Return only the lines of the data below from the line with "Súčasťou balenia je" up to and including the line with "Amenagez votre propre", exactly as written, with the pictures omitted.

# DATA SHOWN
+===+
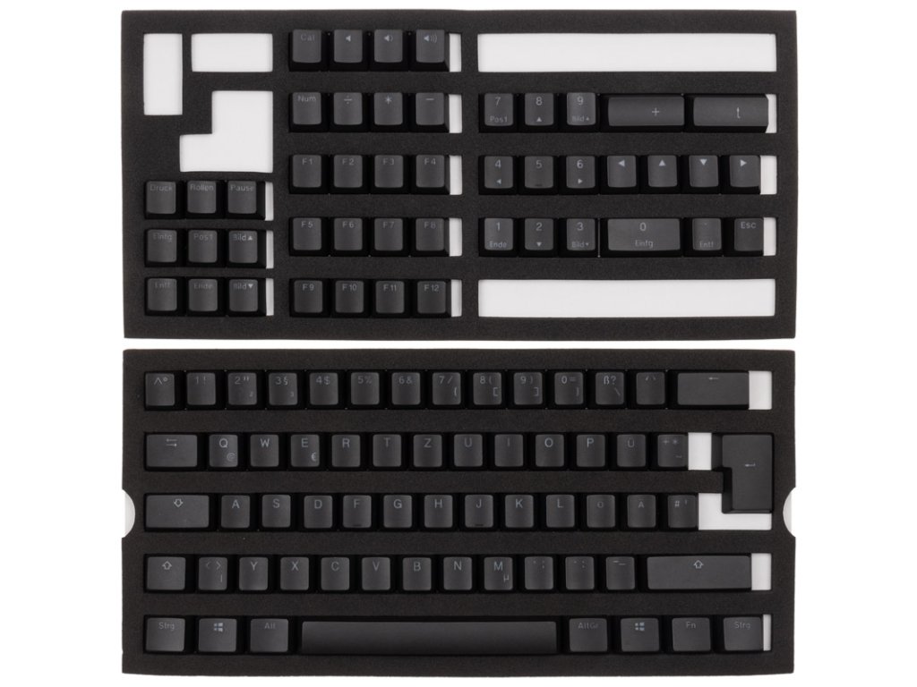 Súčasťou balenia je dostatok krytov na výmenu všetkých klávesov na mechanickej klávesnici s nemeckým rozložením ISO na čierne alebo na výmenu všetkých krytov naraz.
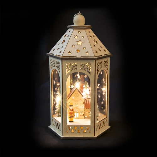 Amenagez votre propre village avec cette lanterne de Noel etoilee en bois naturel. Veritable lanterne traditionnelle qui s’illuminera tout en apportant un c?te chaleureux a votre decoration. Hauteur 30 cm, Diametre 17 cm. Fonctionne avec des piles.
+===+
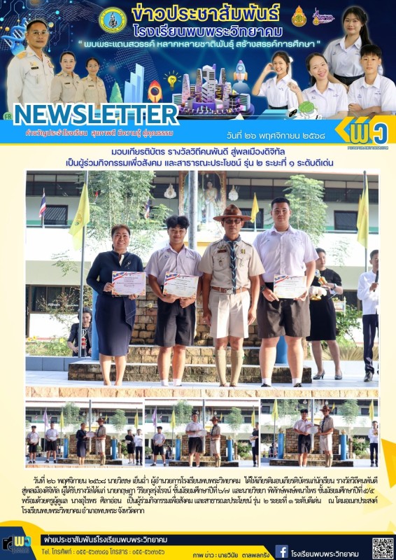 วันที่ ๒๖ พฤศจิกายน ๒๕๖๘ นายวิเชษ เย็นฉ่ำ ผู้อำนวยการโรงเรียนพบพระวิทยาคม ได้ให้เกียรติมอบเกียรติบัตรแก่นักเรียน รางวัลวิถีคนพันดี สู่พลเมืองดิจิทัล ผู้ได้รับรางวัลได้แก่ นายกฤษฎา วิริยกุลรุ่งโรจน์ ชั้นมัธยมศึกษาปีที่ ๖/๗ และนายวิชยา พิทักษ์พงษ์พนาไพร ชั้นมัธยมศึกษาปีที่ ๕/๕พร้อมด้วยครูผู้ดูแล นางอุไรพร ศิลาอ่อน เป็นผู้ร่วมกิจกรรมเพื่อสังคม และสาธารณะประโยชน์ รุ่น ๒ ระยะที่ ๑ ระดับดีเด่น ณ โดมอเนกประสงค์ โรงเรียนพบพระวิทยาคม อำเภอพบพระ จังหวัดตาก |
+===+
# EXERCISE RESULT
 Súčasťou balenia je dostatok krytov na výmenu všetkých klávesov na mechanickej klávesnici s nemeckým rozložením ISO na čierne alebo na výmenu všetkých krytov naraz.
 Amenagez votre propre village avec cette lanterne de Noel etoilee en bois naturel. Veritable lanterne traditionnelle qui s’illuminera tout en apportant un c?te chaleureux a votre decoration. Hauteur 30 cm, Diametre 17 cm. Fonctionne avec des piles.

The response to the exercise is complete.